Chinese 'Super Disk' shrinks data centre storage capacity into DVD-sized

For data centers that manage large volumes of information in AI era, optical discs remain an indispensable storage medium.

February 23, 2024
The China Academy

“Disc” may evoke a sense of nostalgia as optical drives and CDs gradually fade from daily use. In an era where digital data accumulation is skyrocketing, traditional data storage solutions like hard drives and cloud services have largely overshadowed optical disks such as CDs and DVDs in everyday use. Yet, for data centers that manage large volumes of information, optical discs remain an indispensable storage medium. Traditional optical data storage is cost-efficient and durable, while it has been limited to single-layer data storage, significantly capping its capacity. Recognize this; a Chinese team has led to a groundbreaking development in optical storage technology—a transparent “Super Disc” capable of storing data equivalent to 100 commercial hard drives, with a lifespan of at least 40 years.

Published in the journal Nature, this innovation hails from the collaborative efforts of the Shanghai Institute of Optics and Fine Mechanics and University of Shanghai for Science and Technology, among others. The Chinese team’s breakthrough comes from creating a multi-layered, three-dimensional architecture that allows data storage across hundreds of layers, with a single disc’s capacity reaching the petabyte level (1Pb = 1000Tb). This technology stores an equivalent of about 5.8 billion indexed web pages or, to put it in perspective, a data set that would require an area the size of an average playground if stored using 1-terabyte hard drives.

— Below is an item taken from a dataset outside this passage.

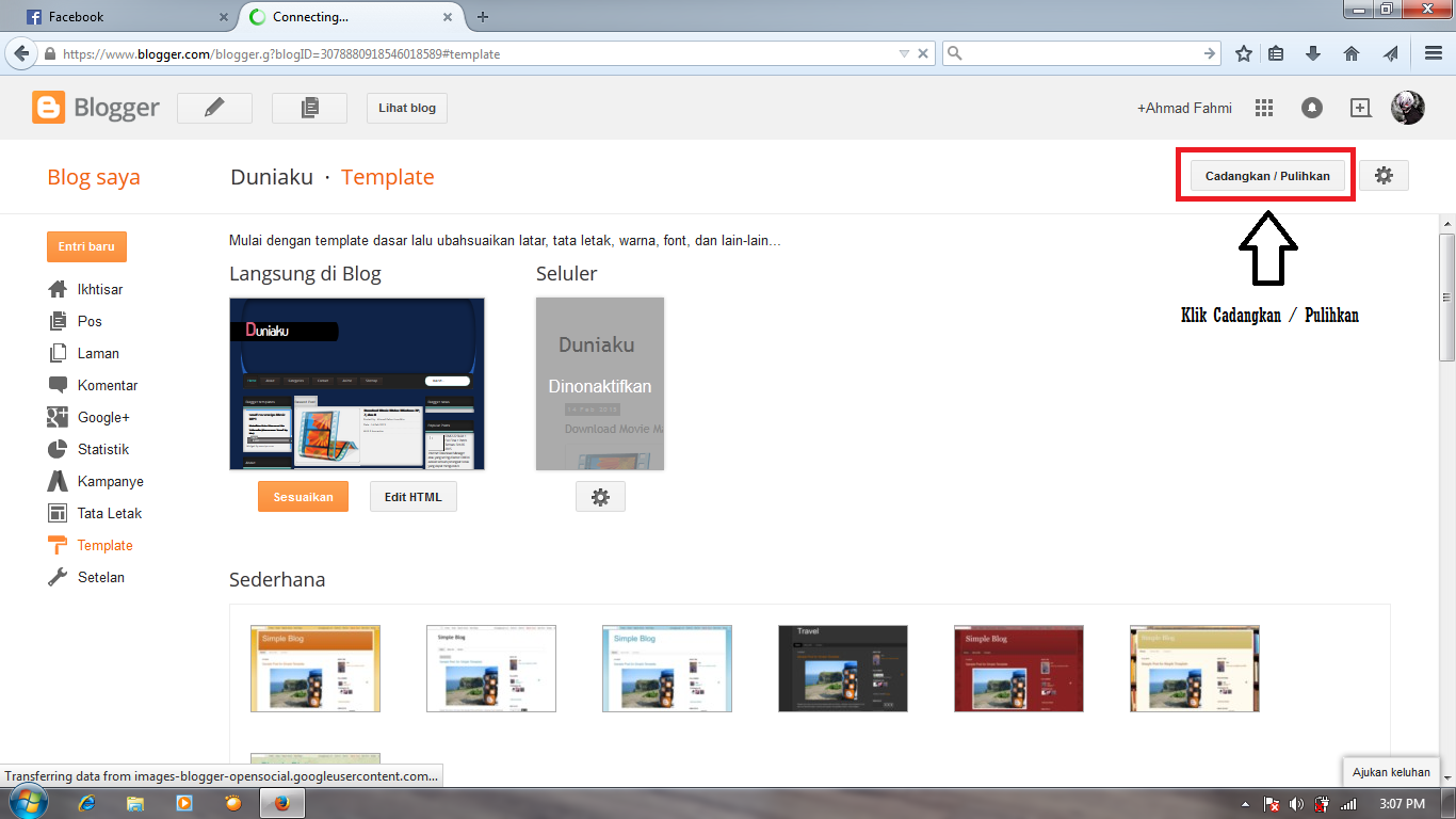 Belajar blogger untuk pemula: Cara Unggah (upload) Template pada blogger

The principle behind optical discs is straightforward—using finely etched grooves on a reflective surface to represent data. Yet, the challenge has always been to overcome the optical diffraction limit that caps conventional commercial disc capacities at around 500GB.

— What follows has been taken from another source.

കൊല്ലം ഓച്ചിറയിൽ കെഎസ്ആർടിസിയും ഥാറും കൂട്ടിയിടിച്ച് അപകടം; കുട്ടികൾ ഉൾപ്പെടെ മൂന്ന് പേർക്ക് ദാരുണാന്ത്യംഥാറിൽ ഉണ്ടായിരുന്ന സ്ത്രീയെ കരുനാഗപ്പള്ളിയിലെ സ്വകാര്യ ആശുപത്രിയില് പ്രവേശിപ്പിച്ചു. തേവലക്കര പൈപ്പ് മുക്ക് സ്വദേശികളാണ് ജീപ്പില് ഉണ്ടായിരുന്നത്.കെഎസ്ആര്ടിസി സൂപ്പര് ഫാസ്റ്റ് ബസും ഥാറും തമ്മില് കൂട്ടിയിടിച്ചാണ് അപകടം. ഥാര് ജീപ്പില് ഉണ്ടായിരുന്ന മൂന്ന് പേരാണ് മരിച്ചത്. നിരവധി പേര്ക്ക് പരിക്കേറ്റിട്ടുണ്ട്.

The quest to break this limit and shrink the size of data points without interference has been a long-standing pursuit in optical storage. Nobel Laureate Stefan W. Hell’s work in the 1990s on stimulated emission depletion microscopy proved that it was possible to break the optical diffraction limit, a concept the research team applied to achieve super-resolution in laser writing technology.

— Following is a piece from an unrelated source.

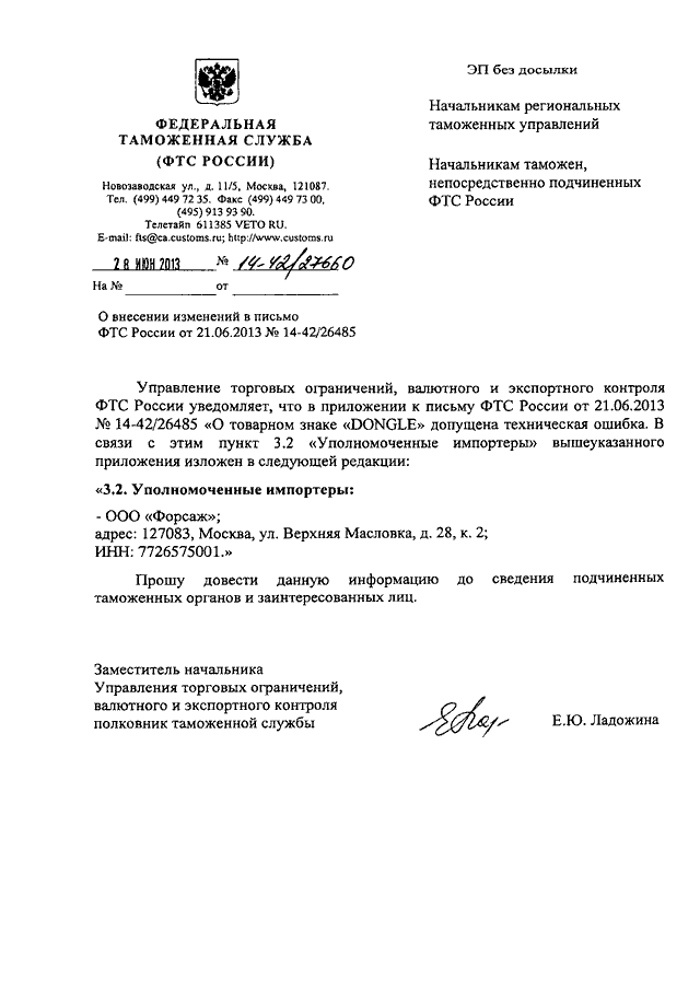 "О ВНЕСЕНИИ ИЗМЕНЕНИЙ В ПИСЬМО ФТС РОССИИ ОТ 21.06.2013 N 14-42/26485"

The breakthrough in storage capacity stems from a pioneering dual-beam control technique that surpasses the optical diffraction limit, allowing data to be densely packed into nanoscale points. This achievement enables storing data in points that are merely 54nm in size and spaced only 70nm apart. By adopting a 3D stacked architecture, the storage density is further amplified across 100 layers in each disk, significantly enhancing the total storage capacity.

With the global data volume projected to reach 175 zettabytes by 2025, the demand for more efficient storage solutions has never been more acute. The “Super Disc” technology minimizes frequent data migration—a costly and risky process required by current data centers every three to ten years to avoid data tampering or loss. Moreover, this new storage solution promises a lifespan of 50 to 100 years, significantly reducing the environmental and economic costs associated with data storage.

One of the most compelling advantages of this new technology is its energy efficiency. According to Professor Wen Jing, one of the study’s corresponding authors from University of Shanghai for Science and Technology, energy is only required when writing to or reading from the disc, not for long-term storage. This inherent property of optical data storage could drastically reduce the energy consumption of data centers, which, in China alone, amounted to 270 billion kilowatt-hours in 2022—nearly triple the output of the Three Gorges Dam, the world’s largest power station.

Looking ahead, the team aims to refine the technology further, improving data writing and reading speeds while reducing energy consumption. The ultimate goal is to make this “Super Disc” commercially available, offering individuals, families, and organizations an affordable, reliable, and capacious data storage solution. This could revolutionize how we store and manage data, from personal databases of photos, videos, and documents to the backbone of the global digital economy’s data centers.

In a world where data is as valuable as gold, the advent of the “Super Disc” marks a monumental milestone in our quest to harness, store, and preserve the ever-expanding digital universe for generations to come.